## EXERCISE PROMPT
From the line that contains "Кошачий глаз очки, из" to the last line of the records below, copy everything exactly, both ends included.

## GIVEN RECORDS
== Segment start ==

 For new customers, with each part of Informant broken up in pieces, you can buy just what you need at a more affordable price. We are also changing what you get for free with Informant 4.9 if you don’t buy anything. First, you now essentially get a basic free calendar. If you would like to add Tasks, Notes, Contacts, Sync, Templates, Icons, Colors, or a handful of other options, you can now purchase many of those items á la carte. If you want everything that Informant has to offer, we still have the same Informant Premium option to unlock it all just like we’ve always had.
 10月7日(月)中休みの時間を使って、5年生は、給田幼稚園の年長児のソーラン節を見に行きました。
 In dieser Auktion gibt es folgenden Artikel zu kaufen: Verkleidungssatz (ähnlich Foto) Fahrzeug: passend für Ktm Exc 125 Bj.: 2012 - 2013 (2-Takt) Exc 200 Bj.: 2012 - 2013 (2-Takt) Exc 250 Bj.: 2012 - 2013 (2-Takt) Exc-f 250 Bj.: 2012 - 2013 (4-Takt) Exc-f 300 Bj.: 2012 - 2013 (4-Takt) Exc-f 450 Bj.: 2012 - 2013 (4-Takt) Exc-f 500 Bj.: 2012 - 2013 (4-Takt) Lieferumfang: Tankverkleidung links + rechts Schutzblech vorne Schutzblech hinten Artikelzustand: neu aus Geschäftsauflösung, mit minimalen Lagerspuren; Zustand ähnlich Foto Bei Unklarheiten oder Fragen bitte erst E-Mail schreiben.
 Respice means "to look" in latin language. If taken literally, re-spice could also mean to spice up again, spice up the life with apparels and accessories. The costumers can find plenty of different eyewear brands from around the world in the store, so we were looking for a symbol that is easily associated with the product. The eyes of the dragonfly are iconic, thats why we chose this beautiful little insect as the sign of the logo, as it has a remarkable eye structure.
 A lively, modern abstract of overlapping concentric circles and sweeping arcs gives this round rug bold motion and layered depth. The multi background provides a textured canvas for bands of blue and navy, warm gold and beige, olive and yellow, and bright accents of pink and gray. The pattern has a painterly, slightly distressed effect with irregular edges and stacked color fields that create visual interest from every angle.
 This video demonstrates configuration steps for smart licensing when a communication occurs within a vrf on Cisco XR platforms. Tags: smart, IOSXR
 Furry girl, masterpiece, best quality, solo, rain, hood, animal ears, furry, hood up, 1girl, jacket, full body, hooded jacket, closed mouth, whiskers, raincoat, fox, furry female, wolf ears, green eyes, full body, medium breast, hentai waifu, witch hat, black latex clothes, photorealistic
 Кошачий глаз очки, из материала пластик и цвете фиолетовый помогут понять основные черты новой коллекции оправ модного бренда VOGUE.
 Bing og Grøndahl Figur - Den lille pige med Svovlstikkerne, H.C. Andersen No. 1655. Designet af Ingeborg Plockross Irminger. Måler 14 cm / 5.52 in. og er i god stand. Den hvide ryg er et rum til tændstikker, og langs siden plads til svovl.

== Segment end ==

## ANSWER FOR THE TASK
 Кошачий глаз очки, из материала пластик и цвете фиолетовый помогут понять основные черты новой коллекции оправ модного бренда VOGUE.
 Bing og Grøndahl Figur - Den lille pige med Svovlstikkerne, H.C. Andersen No. 1655. Designet af Ingeborg Plockross Irminger. Måler 14 cm / 5.52 in. og er i god stand. Den hvide ryg er et rum til tændstikker, og langs siden plads til svovl.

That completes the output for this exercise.